Mourning the Lost Luxury of Benign Neglect
by Melissa Bell
I have always considered myself one of the lucky ones. I spent my childhood in a smallish town, ignorant of sex offenders and school knifings and...well, what are some of the other things that make young life a dangerous place these days? Lead paint from Chinese toy manufacturers? Sharp-edges on playground equpment?
I walked to school by myself, usually meeting up with other kids along the way. At the end of my day, I'd go home and ride my bike around the neighbourhood and get back in time for dinner. If it was the summertime, I'd often go off for a walk after dinner or take a book or a Richie Rich and climb a tree and read. We had a ravine near the back of our house - a perfect place for exploring and finding bugs and seed pods and cool rocks. On occasion I would fall and scrape something and need to go home for a Band-aid, and my mom or dad was there to give me one and then send me on my way. If it was a rainy day, I could hole up in my room with some construction paper, some scissors (real ones) and glue (real glue). Or my Barbies. Or some sewing or kntting. Egads. I sewed and knitted. Around lunchtime, I would emerge for a baloney sandwich and some cartoons, and then go back to my project.

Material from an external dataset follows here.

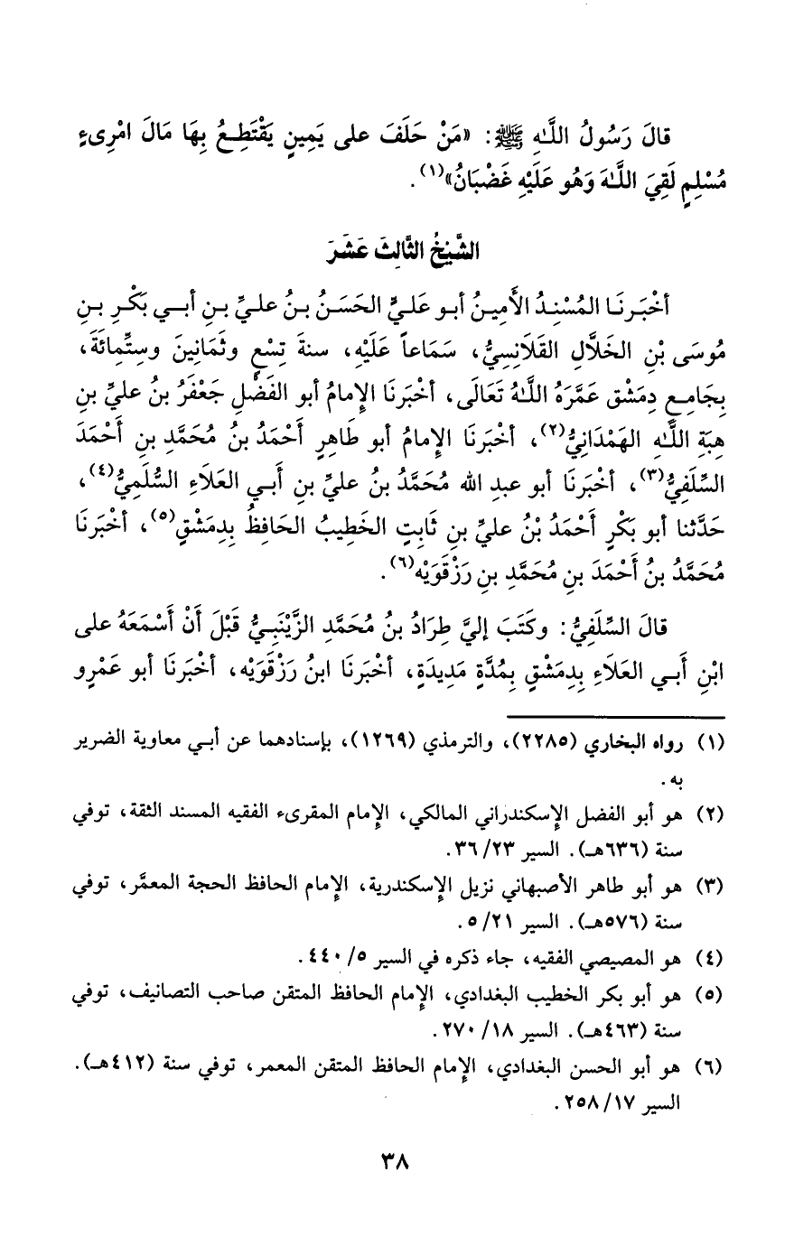 أخبرنا المسند الأمين أبو علي الحسن بن علي بن أبي بكر بن موسى بن الخلال القلانسي، سماعاً عليه، سنة تسع وثمانين وستمائة، بجامع دمشق عمره الله تعالى، أخبرنا الإمام أبو الفضل جعفر بن علي بن هبة الله الهمداني، أخبرنا الإمام أبو طاهر أحمد بن محمد بن أحمد السلفي، أخبرنا أبو عبد الله محمد بن علي بن أبي العلاء السلمي، حدثنا أبو بكر أحمد بن علي بن ثابت الخطيب الحافظ بدمشق، أخبرنا محمد بن أحمد بن محمد بن رزقويه.

There are little kids who live on my street here in Toronto. It's a street that is a dead end. No traffic other than the the slow drive in or out from the residents. But the kids are never outside without their parents at their side. I never see a group of young children crossing the street to go to the convenience store to load up on sugar - in fact one would never see a young child walking anywhere by themselves. It would be enough of a rare sight as to create alarm in the viewer. Why is that child walking unaccompanied?
What has happened between then and now? Are there more "bad things" likely to happen to a young person in today's world than the one in which I grew up? Sure, tragedies did occur and kids did get into trouble "back in my day", but that was just life. Now it appears as if everyone is always expecting the worst to occur at all times, and it's a national catastrophe when it does.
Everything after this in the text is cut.